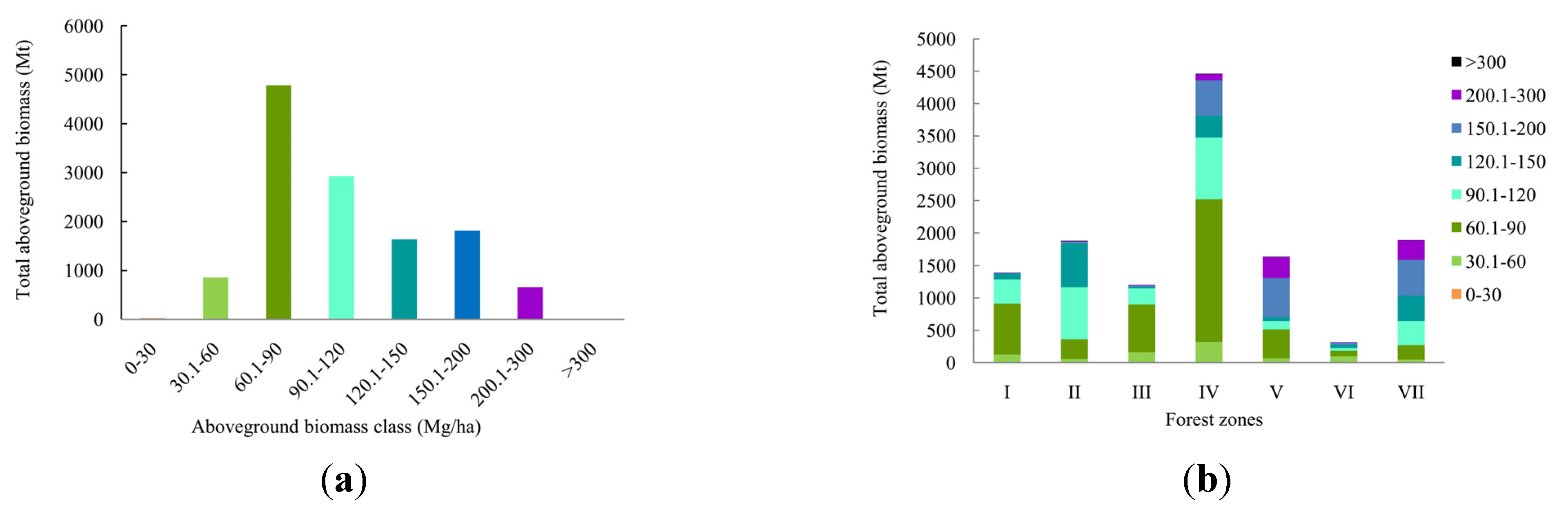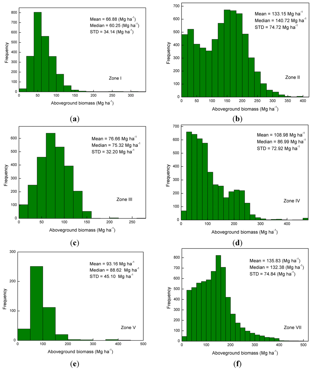 As expected, the highest forest AGB was found in the southwest of Xizang province (>300 Mg·ha−1), while the lowest forest AGB was found in Hebei province in the north, and Jiangsu province in the south (<50 Mg·ha−1). Good agreement (relative error <20%) between estimates of AGB and forest inventory data was seen in most southern provinces of China. Large discrepancies mainly occurred in provinces located in north-central and east-central China. The potential reason for this is low forest coverage in these areas. The low cover could lead to mistakes in forest/non-forest classification, producing significant differences in AGB estimation. As shown in Figure 6, the biomass ranges were different in seven forest zones. In zone I, the Northern Da Hinggan Mountains suffered from serious fires in 1987. Nearly 20 years later, a field survey was conducted in 2006, and showed that regenerated forest coverage had improved significantly under intensive management, but the stand density and canopy height had not reached levels that existed before the big fire. Before the big fire, the average biomass of larch (Larix gmelinii (Rupr.) Kuzen.) in this area was about 105.05 Mg·ha−1 [55]. After the big fire, it is expected that forest biomass density would decreased. In our research, a biomass range between 60.1 Mg·ha−1 and 90 Mg·ha−1 accounted for the major part of total AGB, consistent with the result of a previous study that the average biomass of a natural young larch forest was about 66.93 Mg·ha−1 [55]. The Xiao Hinggan Mountains has not undergone any large natural disasters in the last 20 years. Thus, forests in this region relatively undestroyed compared with the Da Hinggan Mountains. Therefore, the largest biomass range, from 90.1 Mg·ha−1 to 120 Mg·ha−1, occurs in zone II. The second largest biomass range was from 120.1 to 150 Mg·ha−1. The composition of biomass ranges in zone III was similar to that in zone I. Because the area of forested land in zone III was smaller than in zone I, the amount of total AGB in zone III was less than in zone I. Affected by the long-term human activity, forest zone III was dominated by secondary and man-made forests. Chinese pine (Pinus tabulaeformis Carr.), armand pine (Pinus armandi Franch.), and Japanese red pine (Pinus densiflora Sieb. et Zucc.) were the major species of needleleaf trees, while typical species of broadleaf trees were oak (Quercus L.) and birch (Betula L.). The average biomass of these species at the age of about 30 years were 96.37 Mg·ha−1, 88.9 Mg·ha−1, 89.27 Mg·ha−1 (at the age of 60 years), 49.13 Mg·ha−1, and 84.47 Mg·ha−1, respectively [55]. This is consistent with our conclusion that most of the forest biomass was in the range between 60 Mg·ha−1 and 90 Mg·ha−1. Forest zone IV had the largest forested area of all forest zones, and the largest total amount of biomass, ranging from 60.1 Mg·ha−1 to 90 Mg·ha−1. Of the seven forest zones, zone IV had the highest total biomass because it was dominated by middle-aged man-made forests and young secondary forests. Biomass ranges between 150.1 Mg·ha−1 to 200 Mg·ha−1 accounted for the greatest amount of biomass in zones V and VII. Zone V was mainly covered by tropical monsoon forests with high stand density and canopy height. The forest region in zone VII was located in the southeastern Xizang province, and retains large areas of virgin forest. The altitude of the mountain valley is relative low, and the region has high levels of precipitation and accumulated temperature. All of these conditions result in a high biomass range (>150 Mg·ha−1) in zone VII.
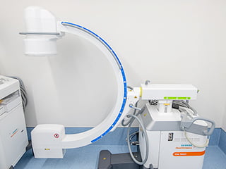 C字型アームでX線撮影角度を自在に変えられる透視装置です。
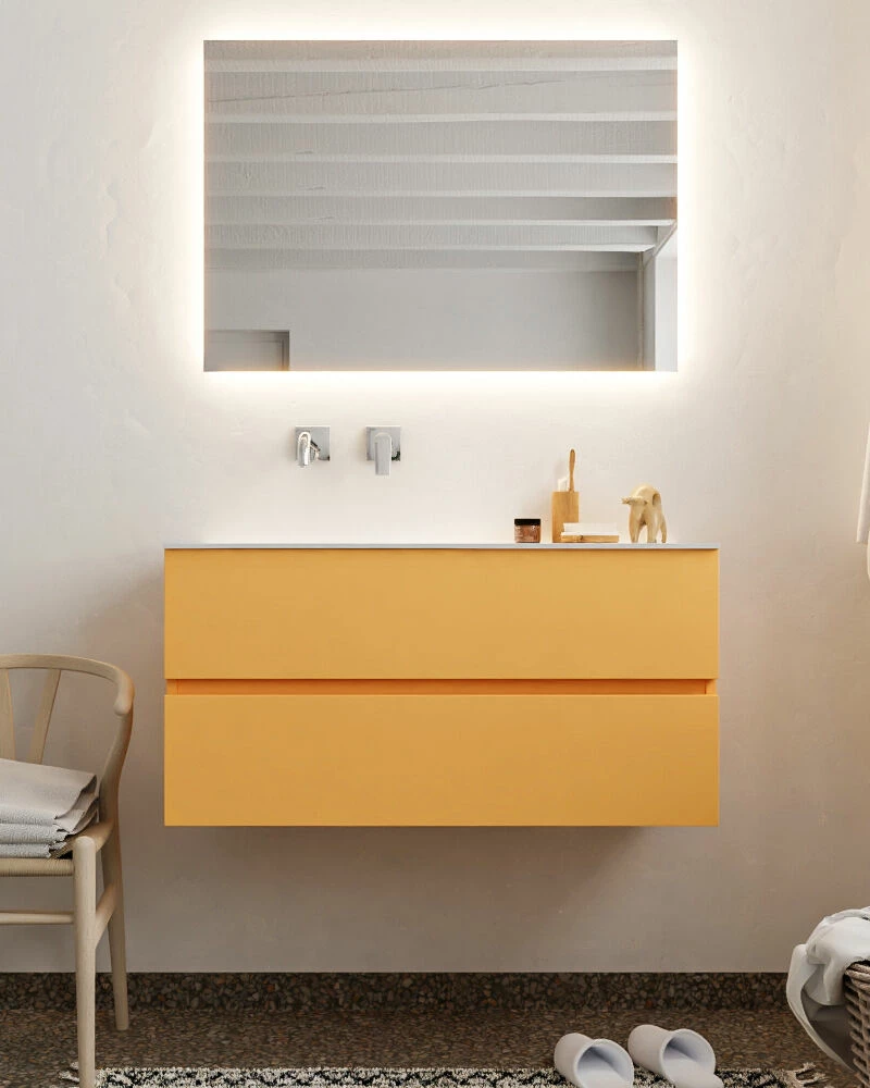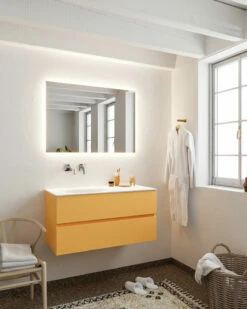 Dit prachtige hangende badkamermeubel van Mondiaz beschikt over een onderkast in de kleur ocher met een wastafel van solid surface. De wastafel wordt geleverd met 0 kraangaten.
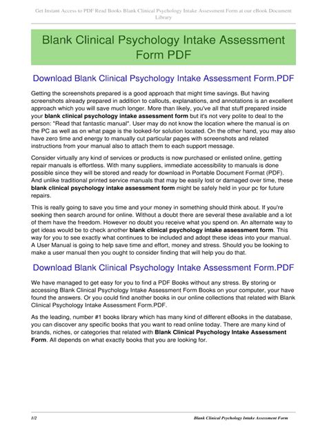 Download online Blank Clinical Psychology Intake Assessment Form Library Binding ManyBooks
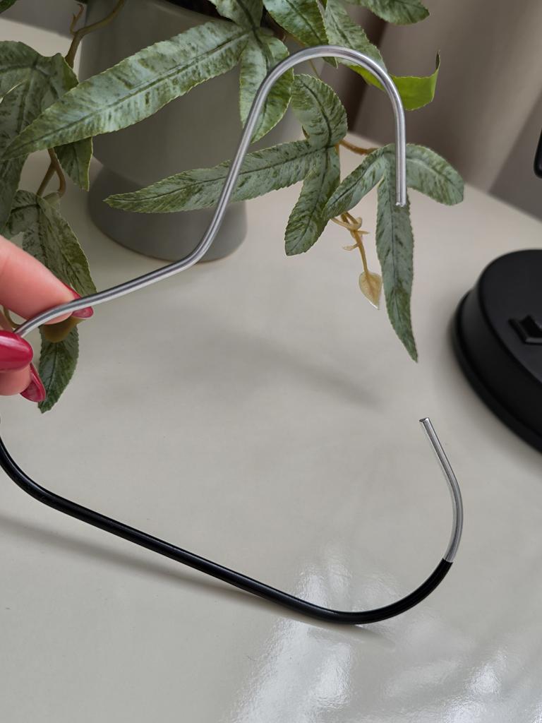 Hook-shaped hanger for organizing caps Well-made, made of strong metal, has a silicone-coated layer. You can hang a lamp on it too. I recommend 🤗

※

Write the records above out again word for word, skipping each picture.

 As expected, the highest forest AGB was found in the southwest of Xizang province (>300 Mg·ha−1), while the lowest forest AGB was found in Hebei province in the north, and Jiangsu province in the south (<50 Mg·ha−1). Good agreement (relative error <20%) between estimates of AGB and forest inventory data was seen in most southern provinces of China. Large discrepancies mainly occurred in provinces located in north-central and east-central China. The potential reason for this is low forest coverage in these areas. The low cover could lead to mistakes in forest/non-forest classification, producing significant differences in AGB estimation. As shown in Figure 6, the biomass ranges were different in seven forest zones. In zone I, the Northern Da Hinggan Mountains suffered from serious fires in 1987. Nearly 20 years later, a field survey was conducted in 2006, and showed that regenerated forest coverage had improved significantly under intensive management, but the stand density and canopy height had not reached levels that existed before the big fire. Before the big fire, the average biomass of larch (Larix gmelinii (Rupr.) Kuzen.) in this area was about 105.05 Mg·ha−1 [55]. After the big fire, it is expected that forest biomass density would decreased. In our research, a biomass range between 60.1 Mg·ha−1 and 90 Mg·ha−1 accounted for the major part of total AGB, consistent with the result of a previous study that the average biomass of a natural young larch forest was about 66.93 Mg·ha−1 [55]. The Xiao Hinggan Mountains has not undergone any large natural disasters in the last 20 years. Thus, forests in this region relatively undestroyed compared with the Da Hinggan Mountains. Therefore, the largest biomass range, from 90.1 Mg·ha−1 to 120 Mg·ha−1, occurs in zone II. The second largest biomass range was from 120.1 to 150 Mg·ha−1. The composition of biomass ranges in zone III was similar to that in zone I. Because the area of forested land in zone III was smaller than in zone I, the amount of total AGB in zone III was less than in zone I. Affected by the long-term human activity, forest zone III was dominated by secondary and man-made forests. Chinese pine (Pinus tabulaeformis Carr.), armand pine (Pinus armandi Franch.), and Japanese red pine (Pinus densiflora Sieb. et Zucc.) were the major species of needleleaf trees, while typical species of broadleaf trees were oak (Quercus L.) and birch (Betula L.). The average biomass of these species at the age of about 30 years were 96.37 Mg·ha−1, 88.9 Mg·ha−1, 89.27 Mg·ha−1 (at the age of 60 years), 49.13 Mg·ha−1, and 84.47 Mg·ha−1, respectively [55]. This is consistent with our conclusion that most of the forest biomass was in the range between 60 Mg·ha−1 and 90 Mg·ha−1. Forest zone IV had the largest forested area of all forest zones, and the largest total amount of biomass, ranging from 60.1 Mg·ha−1 to 90 Mg·ha−1. Of the seven forest zones, zone IV had the highest total biomass because it was dominated by middle-aged man-made forests and young secondary forests. Biomass ranges between 150.1 Mg·ha−1 to 200 Mg·ha−1 accounted for the greatest amount of biomass in zones V and VII. Zone V was mainly covered by tropical monsoon forests with high stand density and canopy height. The forest region in zone VII was located in the southeastern Xizang province, and retains large areas of virgin forest. The altitude of the mountain valley is relative low, and the region has high levels of precipitation and accumulated temperature. All of these conditions result in a high biomass range (>150 Mg·ha−1) in zone VII.
 C字型アームでX線撮影角度を自在に変えられる透視装置です。
 Dit prachtige hangende badkamermeubel van Mondiaz beschikt over een onderkast in de kleur ocher met een wastafel van solid surface. De wastafel wordt geleverd met 0 kraangaten.
 Download online Blank Clinical Psychology Intake Assessment Form Library Binding ManyBooks
 Hook-shaped hanger for organizing caps Well-made, made of strong metal, has a silicone-coated layer. You can hang a lamp on it too. I recommend 🤗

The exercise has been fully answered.